Spitzer Defends His Distribution of Sealed Document

SANTA ANA (CNS) - Orange County Supervisor Todd Spitzer today defended his decision to hand out a sealed search warrant to reporters covering the case against a Newport Beach surgeon and his girlfriend accused of drugging and raping several women as legal and proper.

Orange County District Attorney Tony Rackauckas on Wednesday slammed Spitzer for distributing the “extremely sensitive information about the rape victims and the defendants,” and prosecutors joined defense attorneys in bringing the “violation” to the attention of Orange County Superior Court Judge Greg Jones, who is presiding over the case against surgeon Grant Robicheaux and his girlfriend, Cerissa Riley.

Spitzer is a political opponent of Rackauckas, running to unseat him as district attorney in next month's election.

Jones ordered reporters to not “further disseminate” the search warrant information and “return the sealed item” back to the judge, according to Rackauckas' office.

The search warrant was not initially sealed. Media organizations such as the Los Angeles Times obtained it from court records before the judge sealed it.

Spitzer said he spoke with Jones over the phone about the issue on Wednesday.

“I said it was provided to me from the court file,” he said. “It was a public record and he acknowledged he knew it was not (initially) sealed and that other people had it.”

Jones said prosecutors “wanted a hearing,” Spitzer said, adding that he told the judge, “I'd get back to him.”

Spitzer said he subsequently consulted with his campaign's attorney, who advised him he did nothing wrong. He noted that he redacted what he felt were sensitive parts of the search warrant to which the public should not have access.
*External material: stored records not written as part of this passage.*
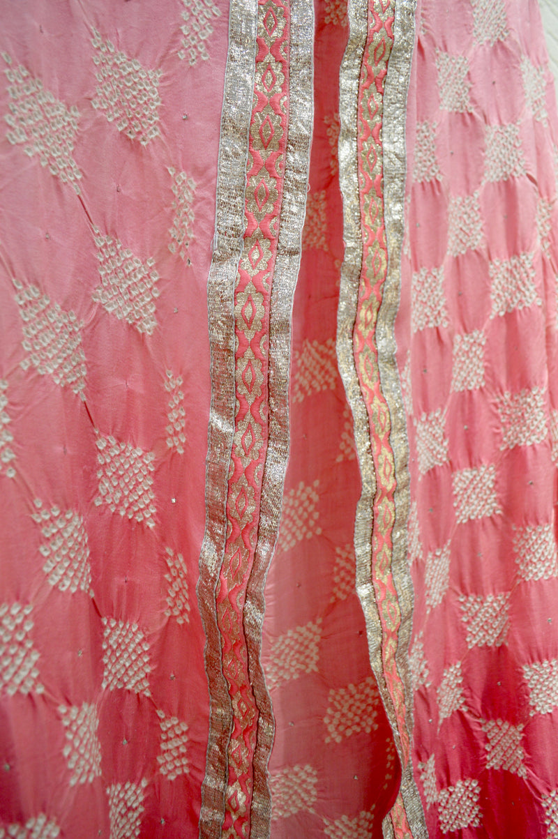 PINK SQUARE GEOMETRIC BANDHANI SILK DUPATTA WITH BORDER AND MUKAISH WORK
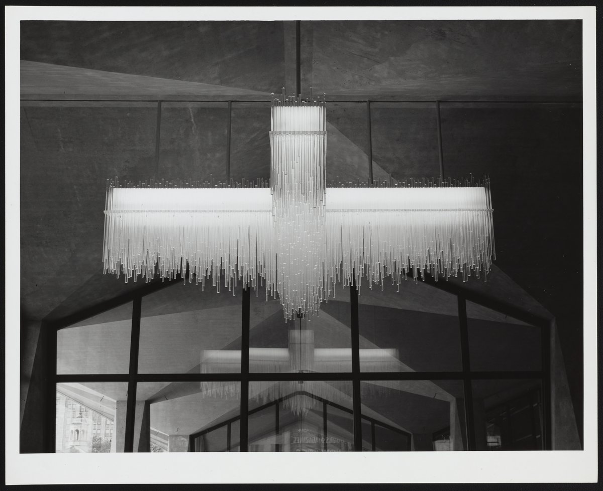 Rohm and Haas Company. “Plexiglas Chandelier at Rohm and Haas Home Office Building ,” June 14, 1965. Rohm & Haas Company Archives, Box Rohm and Haas Building 2 of 2, Folder Photos by Gus Pasquarella. Science History Institute. Philadelphia. https://digital.sciencehistory.org/works/kknzan6.
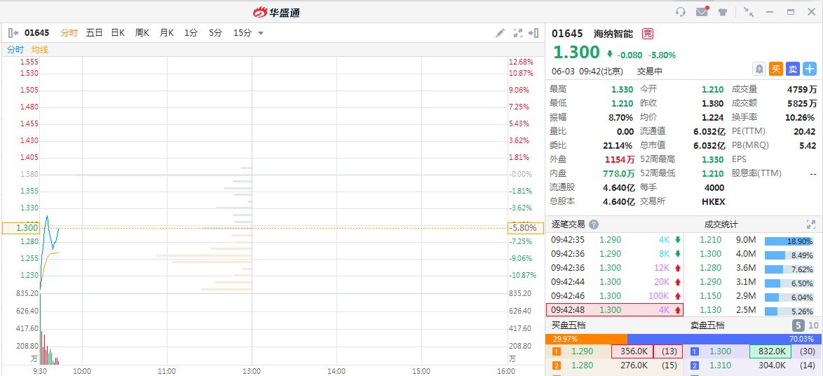 华盛资讯6月3日讯,海纳智能今日首挂低开12%,此后跌幅收窄至5.8%,海纳智能昨日暗盘收跌18.12%。
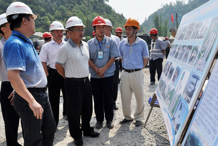 近日,广西交通投资集团总经理刘可(前排左二)深入我公司参建的六寨至河池、河池至都安高速公路项目视察。

“I've reviewed the case law and it was unequivocally a public record and the judge acknowledged to the media that already had information that there was nothing he could do about what was already released,” Spitzer said.

UC Irvine law professor Henry Weinstein agreed.

“You can't put the toothpaste back in the tube,” Weinstein said. “The whole idea of, first of all, sealing something that has been written about is absurd and it is contradictory to 1st Amendment principles in this country.”

Weinstein added that anyone could read the news reports detailing information in the search warrant anyway.

“So in what sense is the document meaningfully sealed?” Weinstein said. “Certainly, whatever they deemed worthy of printing they printed the first time around.”

The District Attorney's Office asked reporters to “comply with the judge's order and not distribute the sealed materials to protect the rape victims, defendants' constitutional rights, and the integrity of the case.”

Spitzer said he thought it was important to release the search warrant to make his case that Rackauckas was either “incompetent or lying” when he said at his first news conference on the case last month that he had learned of it a couple of weeks prior to the news conference.

Spitzer also has been making the case that law enforcement should have arrested the defendants in January after they had seized money, drugs and guns from their residence, which would have been long after the first rape allegation was made in April 2016.

“The search warrant proves two really important points -- that the detective described the two suspects as sexual predators and that she believed there were more victims,” Spitzer said. “So, of course, Mr. Rackauckas wants that search warrant sealed because he doesn't want people to know the truth, and the only person who exposed that is me.”

Newport Beach Police Detective Marie Gamble said in the search warrant that the two initial alleged victims, one in April 2016, and the other in October 2016, immediately reported the incidents to investigators, “but later were unwilling to participate in the investigation.”

In the search warrant, police request access to the defendants' computers and devices to seek additional evidence.